Sunday, May 6, 2012

What I've Learned So Far


* You see pieces of yourself in your child, but mostly, they are just them. They are not necessarily a combination of you and your partner--they are a unique human being.

*  Every minute counts when you have an infant. Since having Aidric I find myself measuring time not by hours or minutes, but by the amount of time I have until he'll probably want to be fed again. I find myself choosing things like eating breakfast or getting a shower in over more sleep.

* Nursing and being pregnant force you to make healthier choices you wouldn't always make because your health and longevity effect someone else in a more direct way than ever. It's easier to pick the oatmeal over the doughnut than it used to be.

* I still like doughnuts.

* My body wasn't nearly as destroyed as I expected it to be after childbirth. I'm carrying around an extra ten pounds. My hips and ribs are wider. My bust is larger. My belly is softer. But you know what? It's really not that bad. I look like myself, about half of my pre-pregnancy clothes fit, and my husband thinks I'm beautiful, so who cares? I'll get where I want to be eventually.

* Speaking of destroying your body, did you know that the level of trauma on your body during childbirth is like being in 3 car accidents? Fun fact.

* I now know for sure when I became a mother--it was when I said my stepfamily vows to Dannika.Any sort of bias I may have had towards my biological child was nipped in the bud when I promised myself two months before the wedding that I would love her, that her father and I would show her what a healthy relationship/marriage looks like, and that I would always be respectful to her biological mother. Since Aidric was born it has been of utmost importance to me to make one-on-one time for Dannika every day whether it be reading a book together, praying for her at bedtime, or planting flowers with her out in the yard. She is my child, just as Aidric is, and I want the very best for her in life.

* Nursing clothes are ridiculously expensive for what they are. If I had any sort of background in business or fashion design I would create the Target or Kohls or nursing attire and completely OWN the market.
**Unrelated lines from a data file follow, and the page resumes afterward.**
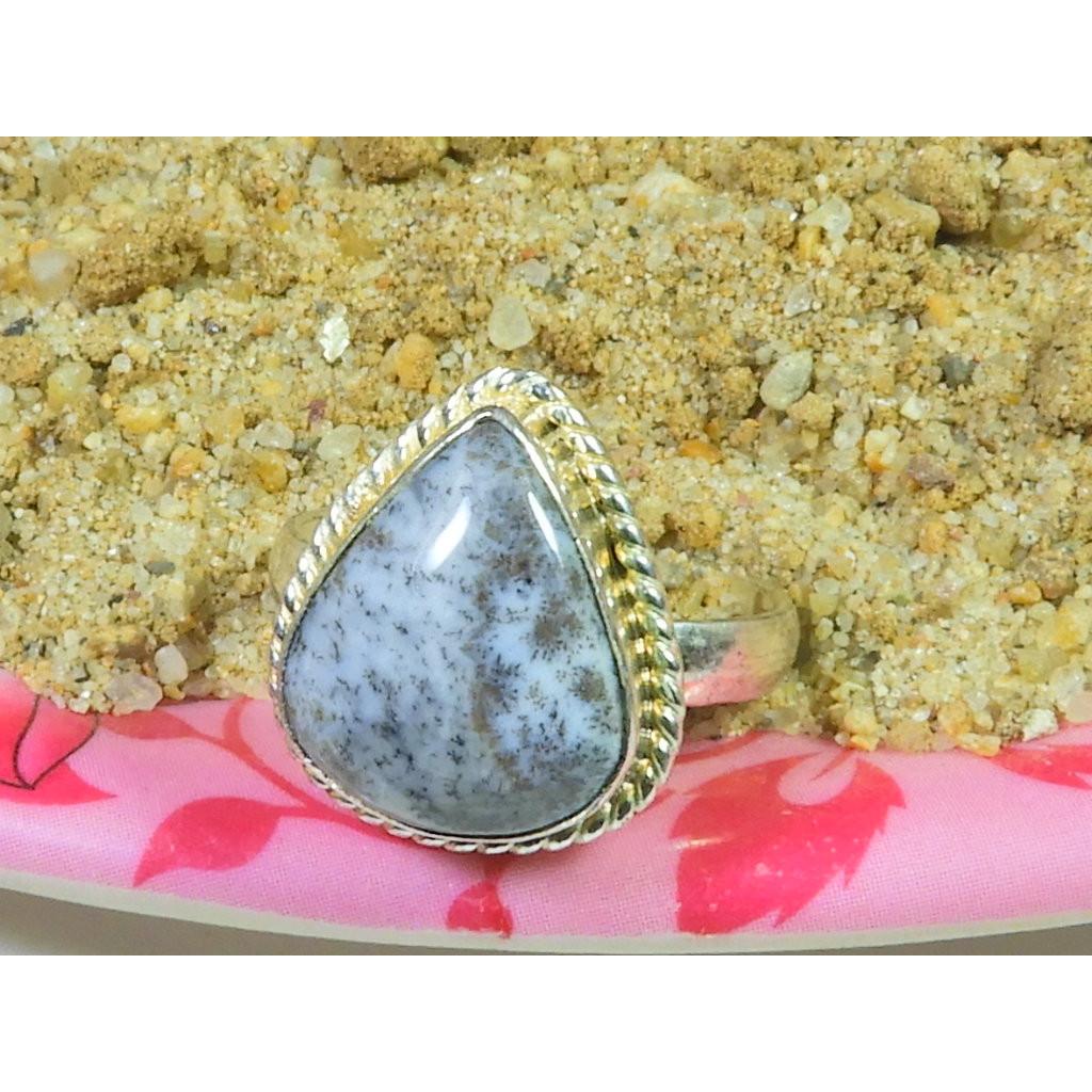 Natural Dendrite Opal 925 Sterling Silver Pear Handmade Ring Gift US-8.5 MK-50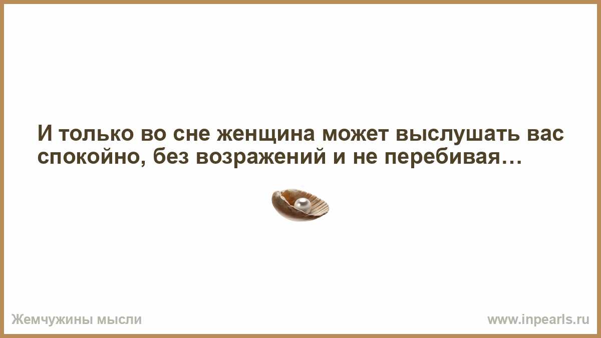 И только во сне женщина может выслушать вас спокойно, без возражений и не перебивая…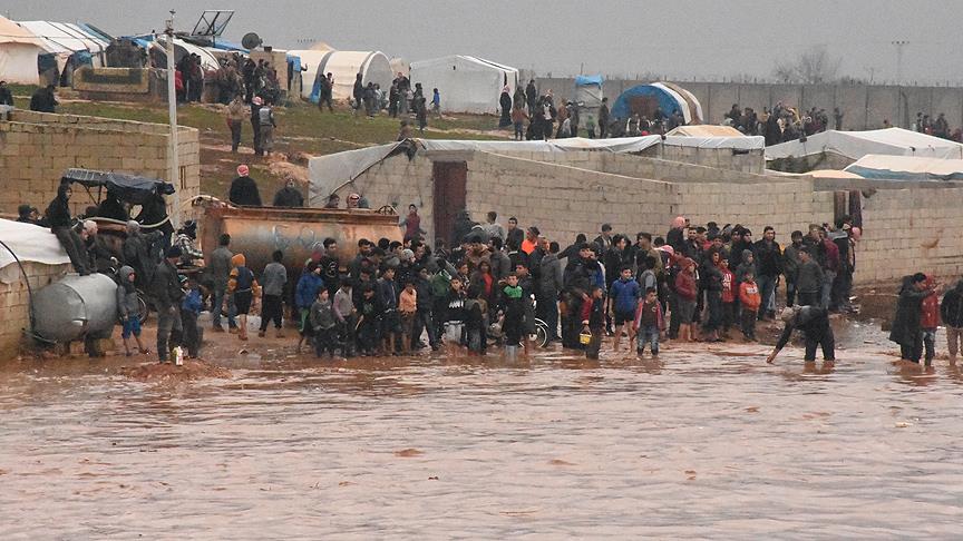 İdlib ve Lazkiye kırsalında önceki gün başlayan ve sele yol açan sağanak nedeniyle 11 sığınmacı kampı sular altında kaldı. "Suriye Müdahale Koordinatörleri" isimli yerel sivil toplum kuruluşu yetkililerinden alınan bilgiye göre, devam eden yağışlar yüzünden on binlerce sığınmacının çadırı çamur birikintilerinin arasında kalırken selden zarar gören 25 bin sivil göç etti. Su baskınlarında can kaybı yaşanmazken çok sayıda küçükbaş hayvan telef oldu.

* Speaking of nursing, breastfeeding is one of the hardest things I have ever done. This includes moving to a different school district as a pre-teenager, getting an A in math class (those who know me can appreciate this one), teaching 7th grade English at an impoverished school, and moving past a heart wrenching break up. I always knew that breastfeeding was difficult, but I didn't really understand why until recently. Simply put you get to do something that physically hurts and exposes yourself inappropriately once every 2 hours for approximately 20 minutes and while you do it, you can't do much else. Repeat every 2 hours around the clock, but feel free to take a longer break at bedtime. You know, say, 4 hours. Continue for the next several months.

Oye.

And yet, I still do it because it's good for my baby and giving my baby formula makes me feel guilty.

* Other things that make me feel guilty: Not picking up A.J. when he wants to be held, giving him a bath, not giving him a bath, making him do "tummy time", not making him do "tummy time", not talking to him enough, not singing to him enough, not sheltering him enough, sheltering him too much, and so on. . .

* Aidric's favorite setting on his "Sleep Sheep" is called whale. Essentially, my son finds the sound of an alien mating call soothing. To each his own.

* I am not scared to go walking around my neighborhood by myself or with my dogs. Walking around the neighborhood with my baby racks my nerves.

* I'm getting very good at doing things with one hand. I'm typing this entry mostly with my right hand, because Aidric is sleeping in my left.

* Stay-at-Home Mom= Professional Worrier

* It isn't "the miracle of childbirth". It's the miracle of a child.